The joystick/mouse connector is on the detachable keyboard, so it is scanned through the same serial protocol.
Later machines use bit-banging on the system 6846 to implement the keyboard scan, to avoid using this chip and reduce costs.
Registers
Address | Name | Description |
E7DE | SCR/SSDR | Control (write)/Status (read) |
E7DF | STDR/SRDR | Data transmit/receive |
Keyboad communication protocol (TO9)
The communication happens at a rate of 9600 bauds. It is asynchronous, there is no clock signal on the keyboard connector.
Reading
When no peripherals are connected
This always uses an odd parity
When a single key is pressed, its key code is sent every 70 milliseconds (keyboard repeat)
When more than one key are pressed, they key codes are sent only once (on press), until only one is pressed.
When no key is pressed, nothing is sent.
With peripherals
When a joystick or mouse is connected, the protocol is made of 4 bytes every 10 milliseconds.
The first byte has odd parity and holds the key code as above.
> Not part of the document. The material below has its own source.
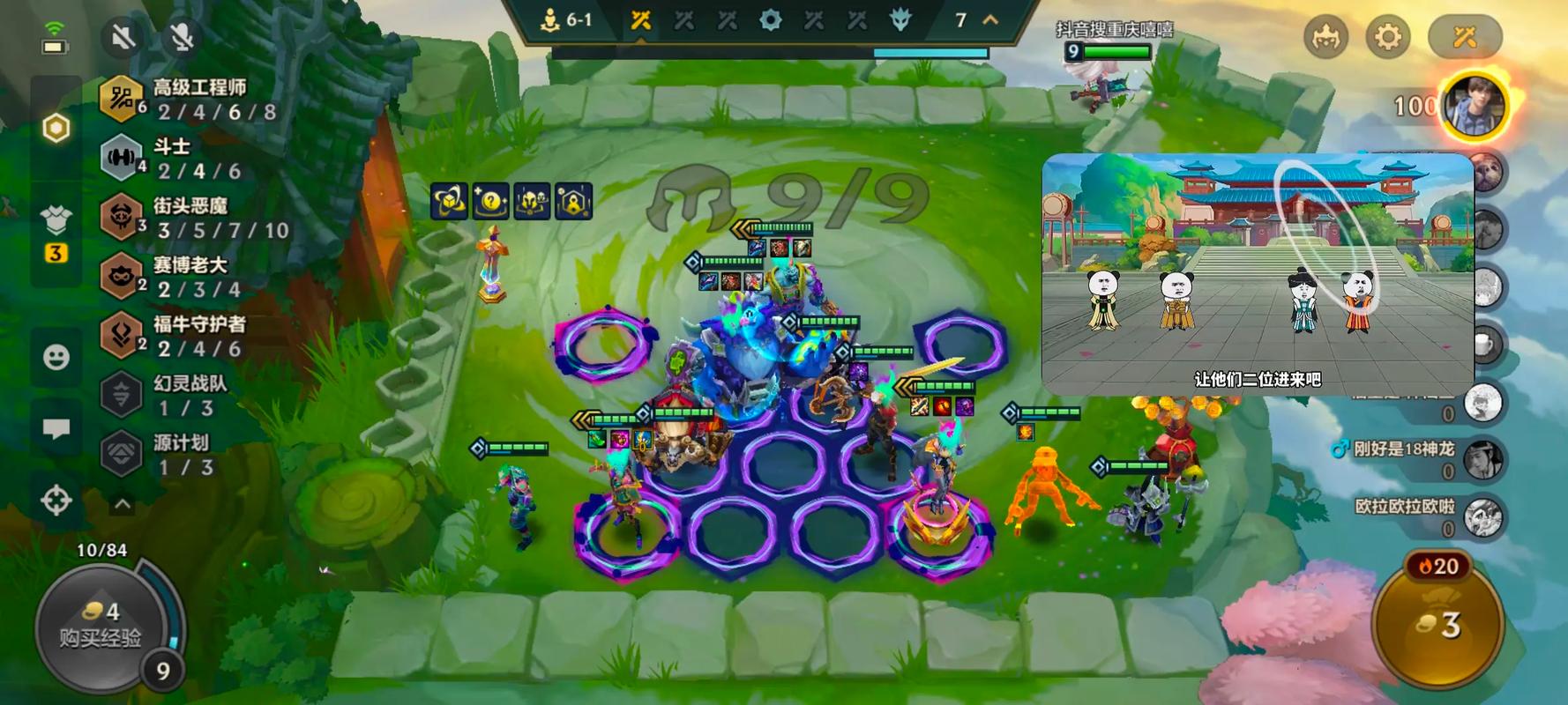 〖One〗、阵容组成与核心羁绊核心英雄为猴子(悟空),搭配辛德拉、洛、莫甘娜、巴德、时光、老头、丁真、卡尔玛。关键羁绊包括:4复苏:提升团队持续作战能力,通过复苏转职可激活5复苏,增强续航与技能频率。2花仙、2时间、2术师、2学者:提供法术强度、控制与辅助效果,强化阵容综合战力。

If no key is pressed, it has value 0. If key repeat is active, it is 0 6 times out of 7, and the key code of the repeated key for the 7th time, leading to the same 70ms key repeat delay.
The 3 other bytes have even parity and hold data for the peripheral:
The second code is the relative X coordinate (from 0 to 255).
The third code is the relative Y coordinate.
The last byte is the buttons (bits 0 and 2) and X and Y overflows (bits 6 and 7, when the mouse or joystick moves too far, this is set).